Kedua, Faktor pengetahuan yang minim, sementara rasa ingin tahu tinggi. Maka yang terjadi adalah mencoba dan mencoba. Awalnya pemuda mencoba minuma keras, mencoba narkoba dst sehingga akhirnya bergantung pada miras dan narkoba, dengan kata lain addicted. Sementara disisi lain ia tidak memiliki pengetahauan akan dampak buruk hal itu. Sex education masih menjadi perdebatan, khomer dan narkoba menjadi sebatas barang haram yang tidak boleh disentuh dan pelakunya akan diadili secara hukum. Tapi pernahkah dirumah, dimasyarakat bahkan disekolah secara khusus membahas tuntas tentang apa miras dan narkoba beserta efek buruknya bagi pengguna. Kalaupun ada sebatas himbauan.   
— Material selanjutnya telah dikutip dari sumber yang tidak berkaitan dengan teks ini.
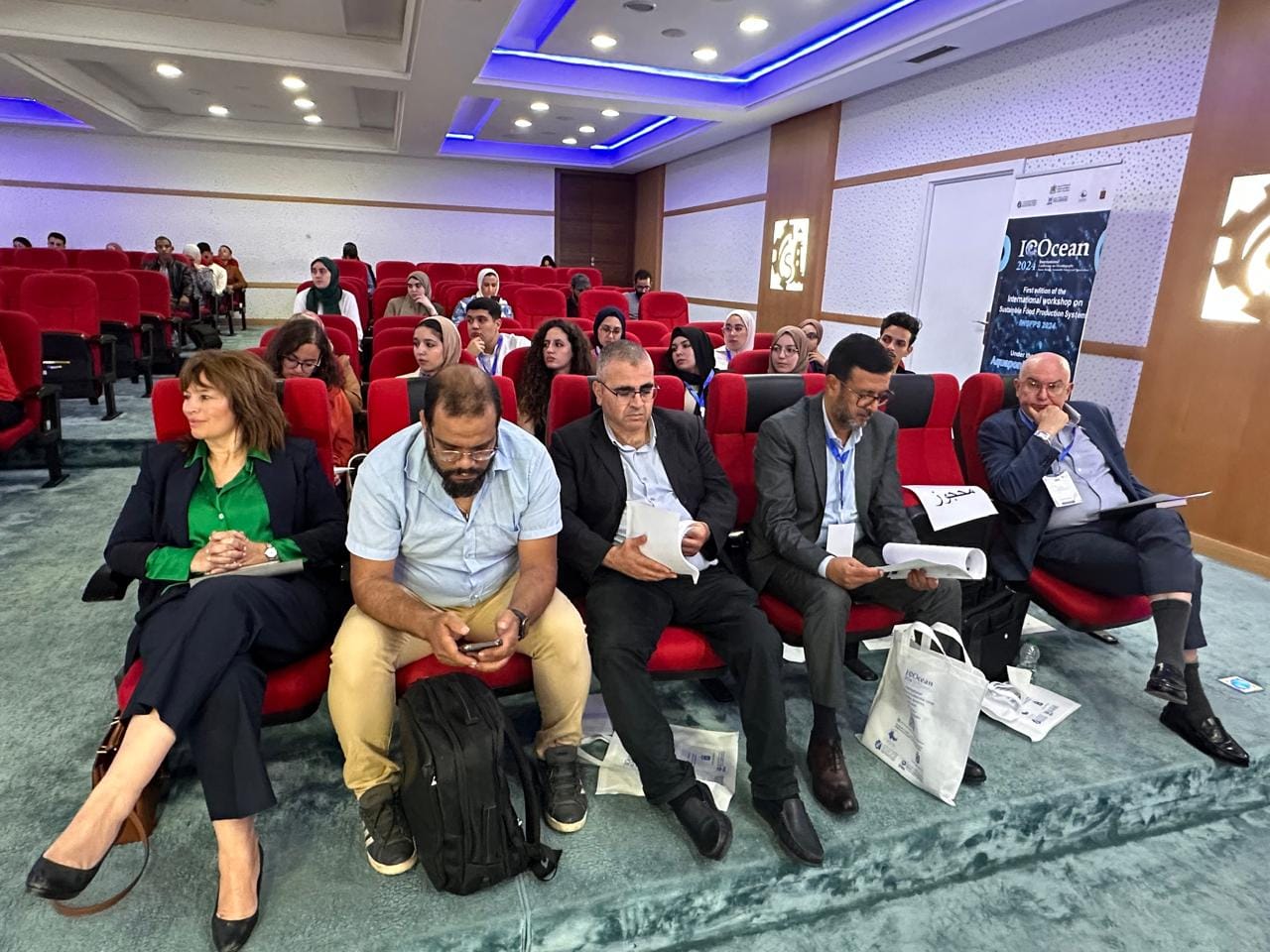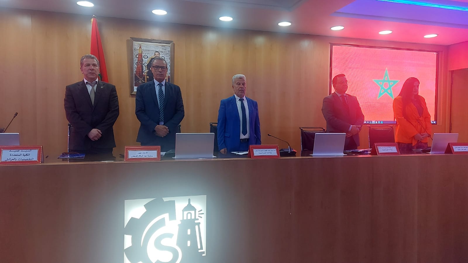 وقد ترأس اللقاء السيد عبد اللطيف افيلال رئيس غرفة التجارة والصناعة والخدمات لجهة طنجة تطوان الحسيمة مرفوقا بالسيد عبد الحميد احسيسن نائب رئيس الغرفة والسيد بوشتى المومني رئيس جامعة عبد المالك السعدي والسيد فؤاد احلوش الكريستي المدير الجهوي للغرفة والسيد محسن بناني امشيطة عميد الكلية متعددة التخصصات بالعرائش والسيدة ممثلة مركز المعهد الوطني للصيد البحري بطنجة والسيدة مريم البقالي أستاذة التعليم العالي بالكلية المتعددة التخصصات بالعرائش والسيد سعيد شفيق مسؤول عن مشروع ريبوت المتوسطي . من الجانب الإداري للغرفة السيدة ندى ايجوك رئيسة مصلحة التكوين و السيدة مريم الزكاف اطار بقسم الدعم والترويج إضافة الى طلبة جامعة عبد المالك السعدي إضافة الى نخبة من الأساتذة الجامعيين.

Tidak tepat kiranya jika remaja selalu diposisikan taklid dalam hal krusial semacam itu. sudah selayaknya mereka tahu dan mengerti. Karena kecendrungan manusia mencoba sesuatu yang baru dan belum dikenal sebelumnya. Semakin dilarang sesuatu untuk diketahui maka semakin tinggi pula intensi seseorang untuk mengetahui dan mencoba hal itu. 

Ketiga, faktor perubahan zaman, belakangan kita memang digencarkan oleh perkembangan globalisasi dan kapitalisai serta kemajuan teknologi. Kita disibukkan oleh perkembangan modern. Diakui atau tidak perubahan ini telah menyetting kemana arah pergaulan remaja.  Atas nama global-trendy berbagai cara dilakukan, termasuk persoalan pacar. Tidak trendi kalau tidak punya pacar. Tidak up to date jika diri tidak dilengkapi dengan gadget produk apel, nokia, Samsung dst. Maka yang muncul adalah malas belajar, fokus dengan game online dan fitur-fitur lainnya. Macam-macam pargaulan dapat dijumapai melalui media, mulai dari yang biasa aja sampai yang paling ektrim. Berbagai video dapat ditonton mulai dari yang edukatif yang yang tidak senonoh. Sayangnya yang banyak digemari oleh pemuda adalah yang tidak senonoh sehingga prilakunyapun tak ada bedanya.

Namun demikian, pergaulan bebas bukan tidak mungkin untuk diobati. Pergaulan bebas bukanlah kanker ganas. Pergaulan bebas adalah fenomena sosial. Oleh karena pergaulan bebas adalah fenomena sosial maka penyelesaiannya semestinya juga secara sosial. Mulailah dari kita masing-masing membulatkan tekat untuk menjauhi segala macam gejala-gejala pergaulan bebas, maupun pergaulan yang masih bersifat subhat (tidak jelas hukumnya). Lalu kita organisasikan lebih konkret lagi sehingga ada perpaduan antara penyelesaian internal dan eksternal. Tidak ada yang perlu dipersalahkan, dan tidak ada kambing hitam. Orang tua, masyarakat dan sekolah harus bergandengan tangan menciptkan suasana pendidikan yang menghormati norma-norma dan nilai-nilai moral.

Kita masih berharap dan bersandar sepenuhnya pada pemuda tentang nasib masa depan bangsa, negara dan agama. Siapa lagi kalau bukan pemuda yang mengisi dan menata negara ini. Tepat sekali apa yang katakan Bung Karno dan Bung Hatta dan tentunya oleh beberapa tokoh perjuangan lainnya. selamat berjuang kaum muda!